The man hits her face. She falls backward onto asphalt, her neck twisting so her cheek and forehead strike stone. She's scared for one of her eyes, but after a moment her vision clears again.

She doesn't know him. He had helped her, but when she asked someone else a question, he got angry.

He yells at her. His face is dark. His clothes are filthy and stained. There is blood on her cheek and on her hand. He turns. She stands and runs away as fast as she can.

That is one of Himiko's earliest memories as she traveled alone from Ulaanbaatar to her uncle Tomohiro's house. She spent the whole trip running away from that man.

The first time she sees Tomohiro, he reminds her of the man.
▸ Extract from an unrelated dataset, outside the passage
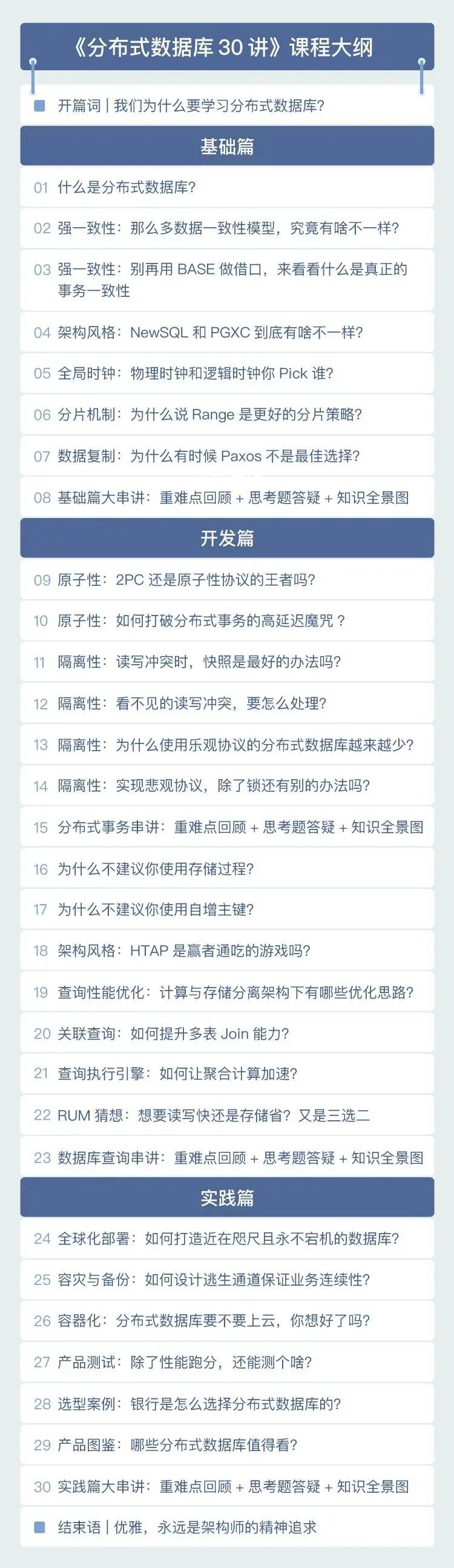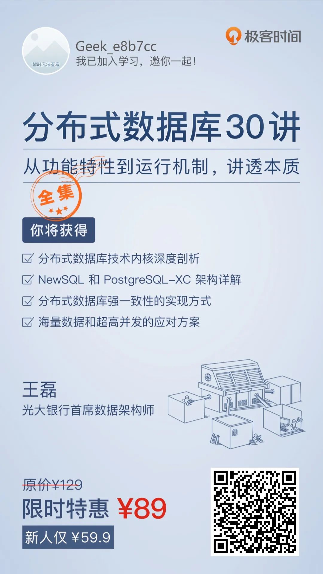 专栏一共 34 讲,现已全部更新完毕。深度剖析了分布式数据库技术内核,详解了 NewSQL 和 PostgreSQL-XC 架构。

But while the man was a darkness, she soon learns that Tomohiro lives in a world of vivid color. Tomohiro's tidy cottage is different than anything she has known before, filled with the braided fragrances of cut flowers and sharpened by a faint, acerbic scent of cleanser.

She wore a chain around her neck during her journey. Tomohiro told her it held a laminated card, explaining that her name was Himiko, and she was going to live with him. They don't know what happened to it, but Himiko likes the idea that she has been explained. Every so often, she gives Tomohiro a new explanation, written on a square of paper.

“I am Himiko. I am clure my hare. I am at house.”

“My name is Himiko. I await for cake.”